Before defining the other routines, we need two hash functions. The first, \(H_1:\{0,1\}^\lambda \rightarrow E'[N]^\circ \), will be used to hash session identifiers to points of order N in \(E'/\mathbb {F}_{p^2}\) (although the curve \(E'\) may be defined over \(\mathbb {F}_p\)). The second, \(H_2:\mathbb {F}_{p^2}\rightarrow \{0,1\}^\lambda \), will be a key derivation function.

  • \({{\,\mathrm{\mathsf {Extract}}\,}}(E,E',\phi ,\mathsf {id})\).

    1. 1.

      Let \(Q = H_1(\mathsf {id})\);

    2. 2.

      Output \(\hat{\phi }(Q)\).

  • \({{\,\mathrm{\mathsf {Encaps}}\,}}(E,E',P,\phi (P),\mathsf {id})\).

    1. 1.

      Select a uniformly random \(r\in \mathbb {Z}/N\mathbb {Z}\);

    2. 2.

      Let \(Q = H_1(\mathsf {id})\);

    3. 3.

      Let \(k=e_N'(\phi (P),Q)^r\);

    4. 4.

      Output \((rP,H_2(k))\).

  • \({{\,\mathrm{\mathsf {Decaps}}\,}}(E,E',\hat{\phi }(Q),rP)\).

    1. 1.

      Let \(k = e_N(rP,\hat{\phi }(Q))\).

    2. 2.

      Output \(H_2(k)\).

Correctness of the scheme follows immediately from Eq. (1) and the bilinearity of the pairing.

Remark 2

Notice that two hashed identities \(Q,Q'\) such that \(Q-Q'\in \langle P\rangle \) are equivalent for encapsulation and decapsulation purposes, and thus an adversary only needs to compute the image of one of them under \(\hat{\phi }\). However, if we model \(H_1\) as a random oracle, the probability of two identities colliding remains negligible (about 1/N).

Alternatively, if \(E'\) is defined over \(\mathbb {F}_p\), one can restrict the image of \(H_1\) to \(E'[(N,\pi +1)]\), like in [17].

3.2 Security

To prove security of their VDF schemes, De Feo et al. defined the following isogeny shortcut game:

  • Precomputation. The adversary receives \(N,p,E,E',\phi \), and outputs an algorithm \(\mathcal {S}\) (in time \({{\,\mathrm{poly}\,}}(\lambda ,T)\)).

  • Challenge. The challenger outputs a uniformly random \(Q\in E'[N]\).

  • Guess. The algorithm \(\mathcal {S}\) is run on input Q. The adversary wins if \(\mathcal {S}\) terminates in time less than \(\varDelta \), and \(\mathcal {S}(Q) = \hat{\phi }(Q)\).
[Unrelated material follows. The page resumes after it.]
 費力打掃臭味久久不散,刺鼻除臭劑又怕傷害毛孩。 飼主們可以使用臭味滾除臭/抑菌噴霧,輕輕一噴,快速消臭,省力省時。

However, it is clear that the \(\varDelta \)-hardness of this game is insufficient to prove \(\varDelta \)-IND-CPA security of our Delay Encryption scheme. Indeed, while the hardness of the isogeny shortcut obviously guarantees that the output of \({{\,\mathrm{\mathsf {Extract}}\,}}\) cannot be computed in time less than \(\varDelta \), there is at least one other way to decapsulate a ciphertext rP, which consists in evaluating \(\phi (rP)\) and computing \(k=e_N'(\phi (rP), Q)\). Computing \(\phi (rP)\) is expected to be at least as “slow” as computing \(\hat{\phi }(Q)\), however this fact is not captured by the isogeny shortcut game.

Instead, we define a new security assumption, analogous to the Bilinear Diffie-Hellman assumption used in standard pairing-based protocols. The bilinear isogeny shortcut game is defined as follows:

  • Precomputation. The adversary receives \(p,N,E,E',\phi \), and outputs an algorithm \(\mathcal {S}\).

  • Challenge. The challenger outputs uniformly random \(R\in E[(N,\pi -1)]\) and \(Q\in E'[N]\).

  • Guess. Algorithm \(\mathcal {S}\) is run on (RQ). The adversary wins if \(\mathcal {S}\) outputs \(\mathcal {S}(R,Q) = e_N'(\phi (R),Q) = e_N(R,\hat{\phi }(Q))\).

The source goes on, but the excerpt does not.